Apparently that sonofabitch Bonetti-Alderighi had pissed him off so badly that…
“If you want to come and have a look…,” said Fazio, “a mortuary chapel was set up in your office.”
They’d pushed aside the mountains of paper on his desk and laid the open coffin there. He looked at himself. He didn’t look dead. But he was immediately convinced that the corpse in the coffin was his.
“Have you informed Livia?”
“Yes,” said Mimi Augello, coming up to him. Then he hugged him tightly and said, crying, “I’m so sorry.”
And a sort of chorus kept repeating:
“We’re so sorry.”
The chorus was made up of Bonetti-Alderighi, his cabinet chief Dr.
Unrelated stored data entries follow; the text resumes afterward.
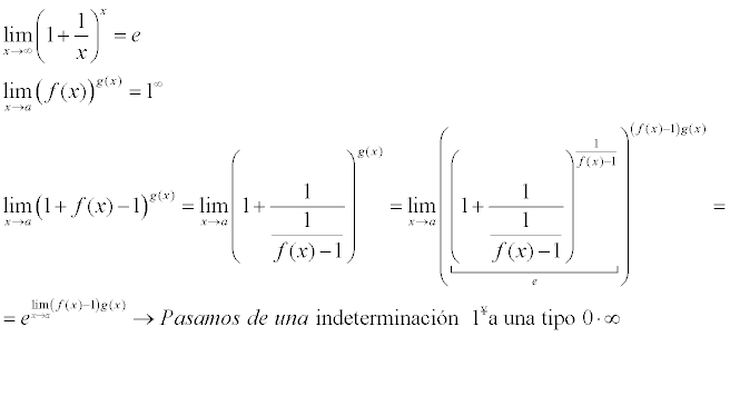 lim x->a f(x) =1 y lim x->a g(x) = infinito.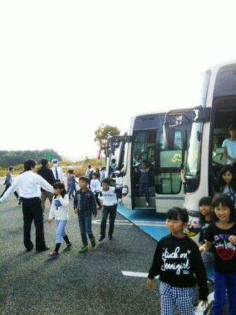 今朝は秋晴れの下,4年生(大空学級を含む)全員が出席し,出発式の後,貸し切りバスで学校を出発しました。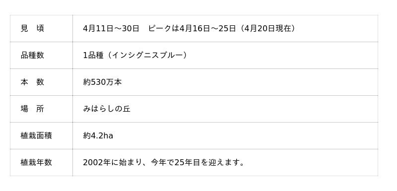ネモフィラの満開は4月25日頃まで続き、4月いっぱいは比較的花数の多い状態が続く見込みです。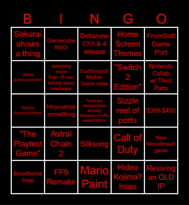 This bingo card has a free space and 24 words: Astral Chain 2, FF9 Remake, Earthbound/ Mother Game news, Bloodborne lmao, FromSoft Game Port, Sakurai shows a thing, Zelda announcement, Gamecube NSO, Sizzle reel of ports, Silksong, "Switch 2 Edition", Pikmin Announcement, Call of Duty, New Monolithsoft game, spending more than 15 min talking about Hardware, Hideo Kojima? lmao, $399-$450, Deltarune Ch3 & 4 release, Nintendo Collab w/ Third Party, Hoyoverse something, Reviving an OLD IP, "The Playtest Game", Home Screen Themes and Mario Paint.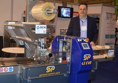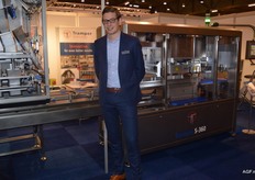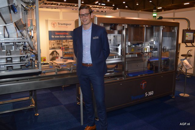 Rolf Sonneveld van Tramper Technology bij de topseal machine S360. Deze machine wordt gebruikt voor het verpakken van maaltijdsalades. De machine beschikt over een geïntegreerde aandruk en afvulunit.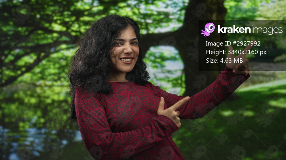 Woman points finger to the side in a park near green trees and a pond, smiling with both hands forming finger guns while wearing a red sweater; confidence. - Kraken Images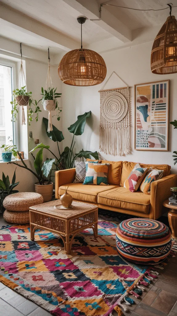 I went all-in on boho vibes with a mix of textures and patterns. A low sofa with colorful cushions sat on a vibrant rug, paired with floor poufs and a wicker coffee table. Hanging plants added a touch of nature to complete the free-spirited look.

Lattes, Jacomuzzi, Headmaster Burgio, and two undertakers.
“Thanks,” the inspector said.
Then Dr. Pasquano came forward.
“How did I die?” Montalbano asked him.
Pasquano flew off the handle.
“What! Still busting my balls, even in death! Just wait for the autopsy results!”
“But can’t you just give me a rough summary?”
“It looks like a sudden, massive stroke, but there are a few things that don’t-”
“Oh, no you don’t!” the commissioner broke in. “Inspector Montalbano can’t investigate his own death!”
“Why not?”
“It wouldn’t be right. He’s too personally involved. Anyway, the law makes no allowance for that sort of thing. I’m sorry. The case will be assigned to the new captain of the flying squad.”
At this point Montalbano got worried and took Mimi aside.
“When is Livia coming?”
Mimi seemed uneasy.
“Well, she said…”
“She said what?”
Mimi stared at his shoes.
“She said she didn’t know.”
“Didn’t know what?”
“Whether she could make it to the funeral.”
He stormed out of the room, enraged, and ran into the courtyard, which was crowded with funeral wreaths and a waiting hearse. He pulled out his cell phone.
“Hello, Livia? Salvo here.”
“Hi, how are you? Oh, I’m sorry, I didn’t mean…”
“What’s this about you not knowing if you can make it to-”
“Salvo, listen. If you had lived, I would have done everything in my power to stay with you. I might even have married you. After wasting my life chasing after you, what else could I do? But now that I’m suddenly faced with this unique opportunity, you must understand-”
He turned off the cell phone and went back inside. He noticed they’d put the lid back on the coffin and the cortege was starting to move.
“Are you coming?” Bonetti-Alderighi asked him.
“Yeah, I guess,” he replied.
But as soon as they got to the courtyard, one of the pallbearers fell, and the coffin crashed to the ground with a boom that woke him up.